▶

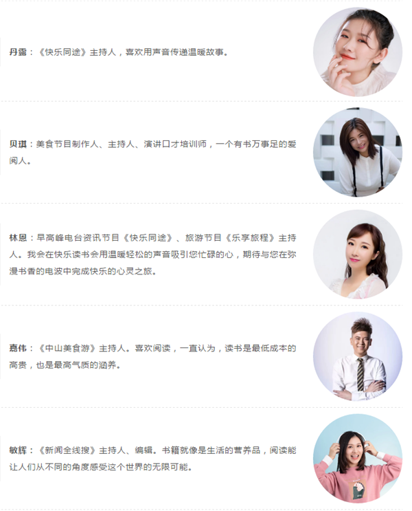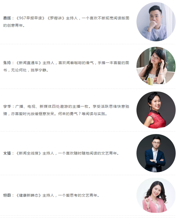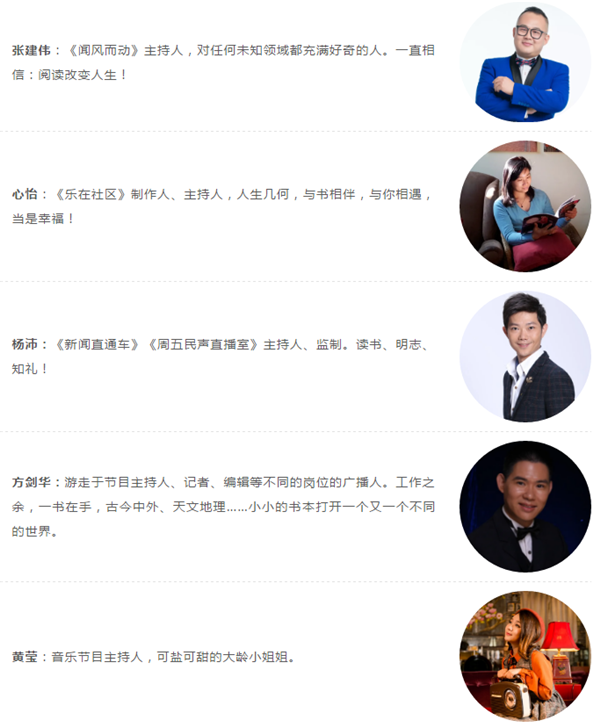 快乐读书会还将开展“我是朗读者”征集,只要好朋友们用朗读的方式推荐好书即可参加,内容为推荐理由和原文朗读两部分,优质音频将获得在电台相关节目中播出的机会。
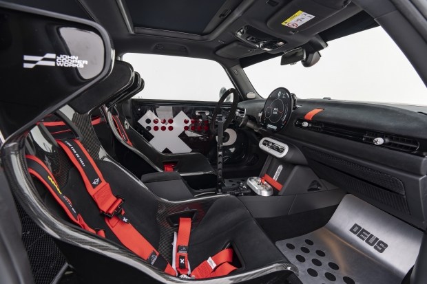 Версія JCW The Machina натхненна автоспортом і виконана у червоно-біло-чорній гамі з контрастною графікою на даху та асиметричними елементами на кузові. Дизайнери встановили розширені чорні колісні арки, додаткові ретро-ліхтарі на капоті, унікальну решітку радіатора та велике антикрило в стилі легендарних перегонів Can-Am, а також збільшений задній дифузор. Навіть фари зазнали змін - замість стандартної графіки встановлені LED-елементи, що візуально додають агресивності та покращують охолодження завдяки додатковим повітрозабірникам.
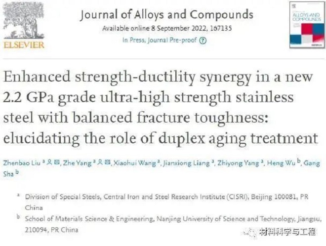 近日,鋼鐵研究總院特殊鋼研究院劉振寶教授團隊及南京理工大學沙剛教授團隊通過合金設計及熱處理工藝調控研發了一種新型2.2GPa級超高強度不鏽鋼,其室溫力學性能指標為:屈服強度1876MPa、抗拉強度2259MPa、斷後伸長率11.5%、斷麵收縮率52%以及平麵斷裂韌性43 MPa·m0.5。並基於多尺度、多層級表征結果,針對該合金體係鋼種,提出了一種簡單有效的優化其強-塑性匹配的熱處理工藝,即雙重時效處理工藝。
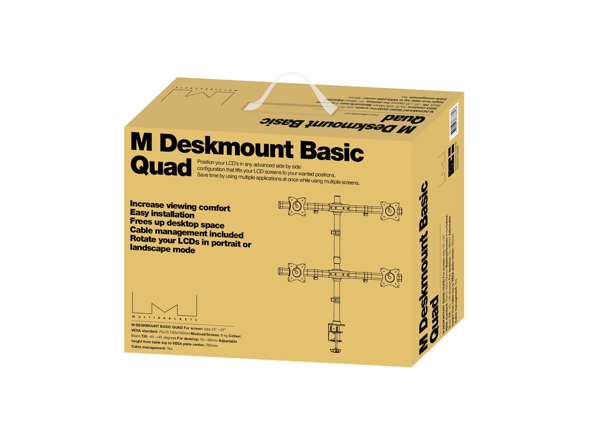 The M Desktopmount Basic Quad is your new office partner giving great flexibility and ease of adjustment and works with almost all LCD screens on the market supporting VESA standards of 75/ 100mm holding screen weight up to 8 kg.
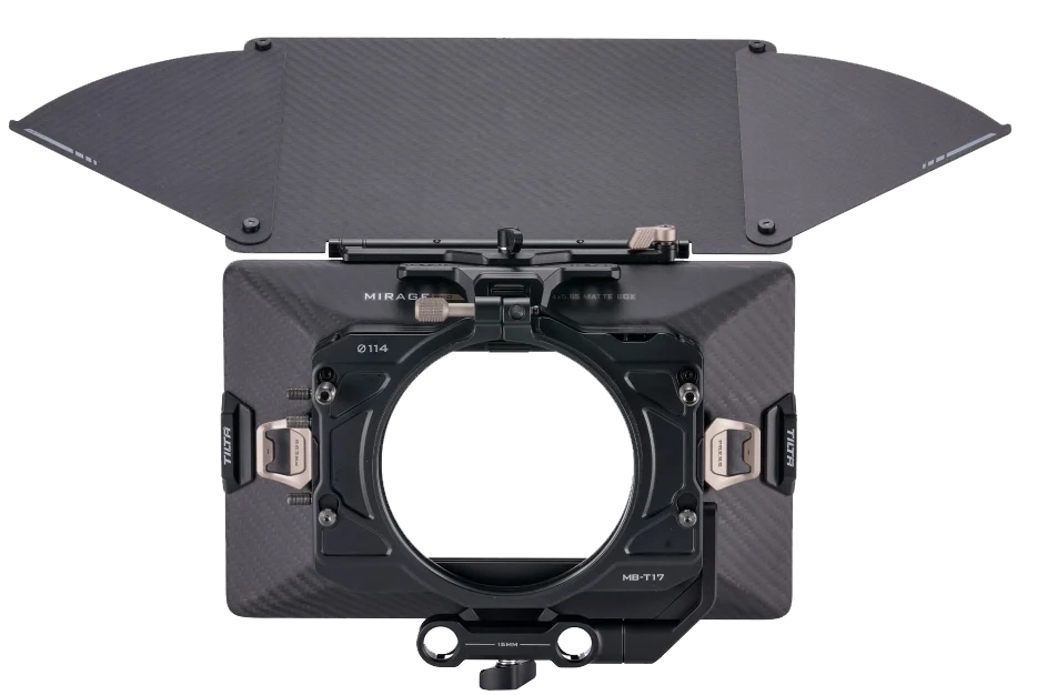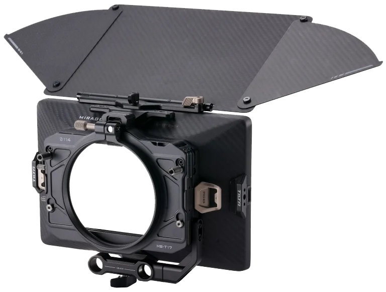 Mirage Pro Matte Box to nasza kolejna generacja lekkich matte boxów, które zostały zaprojektowane tak, aby były dostępne zarówno dla początkujących, jak i doświadczonych profesjonalistów. Wykonany z dbałością o szczegóły, Mirage Pro to zaciskany matte box zaprojektowany tak, aby pomieścić różne rozmiary obiektywów, obsługujący obiektywy o średnicach zewnętrznych 95 mm, 110 mm, 114 mm i 134 mm, a także obiektywy fotograficzne z następującymi adapterami gwintów filtrów: 67mm, 72mm, 77mm, 82mm.
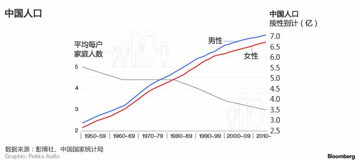 2014年,平均每户中国家庭的成员数量从1950代的5人降至不足3人。中国性别不平衡的现象也是全球最严重的:新生儿男女比例为116:110,而全球平均新生儿男女比例为107:100。

◀

Reproduce every record verbatim, please. Omit the images.

 快乐读书会还将开展“我是朗读者”征集,只要好朋友们用朗读的方式推荐好书即可参加,内容为推荐理由和原文朗读两部分,优质音频将获得在电台相关节目中播出的机会。
 Версія JCW The Machina натхненна автоспортом і виконана у червоно-біло-чорній гамі з контрастною графікою на даху та асиметричними елементами на кузові. Дизайнери встановили розширені чорні колісні арки, додаткові ретро-ліхтарі на капоті, унікальну решітку радіатора та велике антикрило в стилі легендарних перегонів Can-Am, а також збільшений задній дифузор. Навіть фари зазнали змін - замість стандартної графіки встановлені LED-елементи, що візуально додають агресивності та покращують охолодження завдяки додатковим повітрозабірникам.
 近日,鋼鐵研究總院特殊鋼研究院劉振寶教授團隊及南京理工大學沙剛教授團隊通過合金設計及熱處理工藝調控研發了一種新型2.2GPa級超高強度不鏽鋼,其室溫力學性能指標為:屈服強度1876MPa、抗拉強度2259MPa、斷後伸長率11.5%、斷麵收縮率52%以及平麵斷裂韌性43 MPa·m0.5。並基於多尺度、多層級表征結果,針對該合金體係鋼種,提出了一種簡單有效的優化其強-塑性匹配的熱處理工藝,即雙重時效處理工藝。
 The M Desktopmount Basic Quad is your new office partner giving great flexibility and ease of adjustment and works with almost all LCD screens on the market supporting VESA standards of 75/ 100mm holding screen weight up to 8 kg.
 Mirage Pro Matte Box to nasza kolejna generacja lekkich matte boxów, które zostały zaprojektowane tak, aby były dostępne zarówno dla początkujących, jak i doświadczonych profesjonalistów. Wykonany z dbałością o szczegóły, Mirage Pro to zaciskany matte box zaprojektowany tak, aby pomieścić różne rozmiary obiektywów, obsługujący obiektywy o średnicach zewnętrznych 95 mm, 110 mm, 114 mm i 134 mm, a także obiektywy fotograficzne z następującymi adapterami gwintów filtrów: 67mm, 72mm, 77mm, 82mm.
 2014年,平均每户中国家庭的成员数量从1950代的5人降至不足3人。中国性别不平衡的现象也是全球最严重的:新生儿男女比例为116:110,而全球平均新生儿男女比例为107:100。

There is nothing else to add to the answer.